When your dataset is already generated and stored in both SQLite and Qdrant, you can run semantic searches against it using the script below. The script takes a natural language query, embeds it with Ollama, queries Qdrant for the closest matching vectors, and then looks up full product details in the local SQLite database. It also supports optional manufacturer filtering, JSON output, and performance timing.

query_data.py
#!/usr/bin/env python3
import argparse
import json
import logging
import time
from typing import List, Optional, Dict, Any

import sqlite3
import ollama
from qdrant_client import QdrantClient
from qdrant_client.models import Filter, FieldCondition, MatchValue

# ---- Config ----
QDRANT_URL = "http://localhost:6333"
SQLITE_PATH = "/Users/kradecki/data/sqlite/appliances.db"
COLLECTION = "appliances"
EMBED_MODEL = "bge-m3:latest"


class Timer:
    def __init__(self):
        self.t0 = time.perf_counter()
        self.last = self.t0
        self.spans: Dict[str, float] = {}

    def mark(self, name: str):
        now = time.perf_counter()
        self.spans[name] = now - self.last
        self.last = now

    def total(self) -> float:
        return time.perf_counter() - self.t0

    def as_ms(self) -> Dict[str, int]:
        d = {k: int(v * 1000) for k, v in self.spans.items()}
        d["total_ms"] = int(self.total() * 1000)
        return d


def build_filter(manufacturers: Optional[List[str]]) -> Optional[Filter]:
    if not manufacturers:
        return None
    fixed = [m.strip().title() for m in manufacturers if m.strip()]
    should = [FieldCondition(key="manufacturer", match=MatchValue(value=m)) for m in fixed]
    return Filter(should=should) if should else None


def search_qdrant(client: QdrantClient, query_vec: List[float], top_k: int,
                  mfilter: Optional[Filter]):
    res = client.query_points(
        collection_name=COLLECTION,
        query=query_vec,
        query_filter=mfilter,
        with_payload=True,
        limit=top_k,
    ).points
    return res


def fetch_sqlite_rows(db, ids: List[str]):
    if not ids:
        return {}

    placeholders = ",".join(["?"] * len(ids))
    query = f"""
        SELECT id, appliance, manufacturer, model, year, energy_class, noise_db,
               width_cm, height_cm, depth_cm, price, condition, warranty_months,
               hours_used, location, delivery, description, color, capacity, feature, feature2, use_case
        FROM appliances
        WHERE id IN ({placeholders})
    """
    rows = db.execute(query, ids).fetchall()
    out = {r[0]: {
        "id": r[0],
        "appliance": r[1],
        "manufacturer": r[2],
        "model": r[3],
        "year": r[4],
        "energy_class": r[5],
        "noise_db": r[6],
        "width_cm": r[7],
        "height_cm": r[8],
        "depth_cm": r[9],
        "price": r[10],
        "condition": r[11],
        "warranty_months": r[12],
        "hours_used": r[13],
        "location": r[14],
        "delivery": r[15],
        "description": r[16],
        "color": r[17],
        "capacity": r[18],
        "feature": r[19],
        "feature2": r[20],
        "use_case": r[21],
    } for r in rows}
    return out


def main():
    parser = argparse.ArgumentParser(description="Semantic search over appliances with optional brand filter.")
    parser.add_argument("text", help="Query text, e.g. 'clean dishes'")
    parser.add_argument("--manufacturer", "-m", action="append",
                        help="Filter by manufacturer.
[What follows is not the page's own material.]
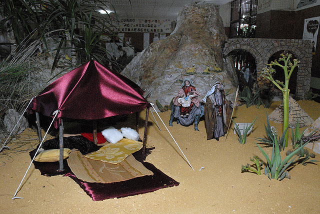 El belén se ha instalado en la sala de entrada del colegio y su montaje se ha realizado por un grupo de madres y padres de alumnos, donde se recogen diferentes escenas, desde el Nacimiento, los Reyes Magos, la Anunciación, la presentación del niño en el Templo, el anuncio del ángel, hasta la reproducción de pequeños momentos de la vida de aquella época, como un mercado, el taller de un artesano, un huerto con todos sus detalles, e incluso una jaima, siendo amenizado el acto con música y villancicos.

Can be used multiple times, e.g. -m Bosch -m Miele")
    parser.add_argument("--top", "-k", type=int, default=5, help="Top K results (default: 5)")
    parser.add_argument("--json", action="store_true", help="Print JSON only (results)")
    parser.add_argument("--trace", action="store_true", help="Print timing breakdown")
    parser.add_argument("--log-level", default="WARNING",
                        help="logging level (DEBUG, INFO, WARNING, ERROR)")
    args = parser.parse_args()

    logging.basicConfig(level=getattr(logging, args.log_level.upper(), logging.WARNING),
                        format="%(levelname)s %(message)s")

    t = Timer()

    # Init
    client = QdrantClient(url=QDRANT_URL)
    db = sqlite3.connect(SQLITE_PATH)
    t.mark("init")

    # Embed via Ollama
    emb_out = ollama.embed(model=EMBED_MODEL, input=args.text)
    embedding = emb_out["embeddings"][0]
    t.mark("embed_query")

    # Qdrant
    mfilter = build_filter(args.manufacturer)
    hits = search_qdrant(client, embedding, args.top, mfilter)
    t.mark("qdrant_query")

    # SQLite
    ids = [str(h.id) for h in hits]
    sqlite_rows = fetch_sqlite_rows(db, ids)
    t.mark("sqlite_fetch")

    # Build results
    results: List[Dict[str, Any]] = []
    for h in hits:
        rid = str(h.id)
        row = sqlite_rows.get(rid)
        results.append({
            "id": rid,
            "score": h.score,
            "payload": h.payload,
            "record": row,
        })
    db.close()
    t.mark("build_and_close")

    timings_ms = t.as_ms()

    if args.json:
        out = {"results": results, "timings_ms": timings_ms if args.trace else None}
        print(json.dumps(out, indent=2, ensure_ascii=False))
        return

    # Pretty print
    if not results:
        print("No results.")
    else:
        print(f"\nQuery: {args.text}")
        if args.manufacturer:
            print(f"Filter: {', '.join([m.strip() for m in args.manufacturer])}")
        print(f"Top {args.top}:\n")
        for i, r in enumerate(results, 1):
            rec = r["record"] or {}
            desc = rec.get("description", "(no description)")
            manu = rec.get("manufacturer") or (r["payload"] or {}).get("manufacturer")
            app = rec.get("appliance") or (r["payload"] or {}).get("appliance")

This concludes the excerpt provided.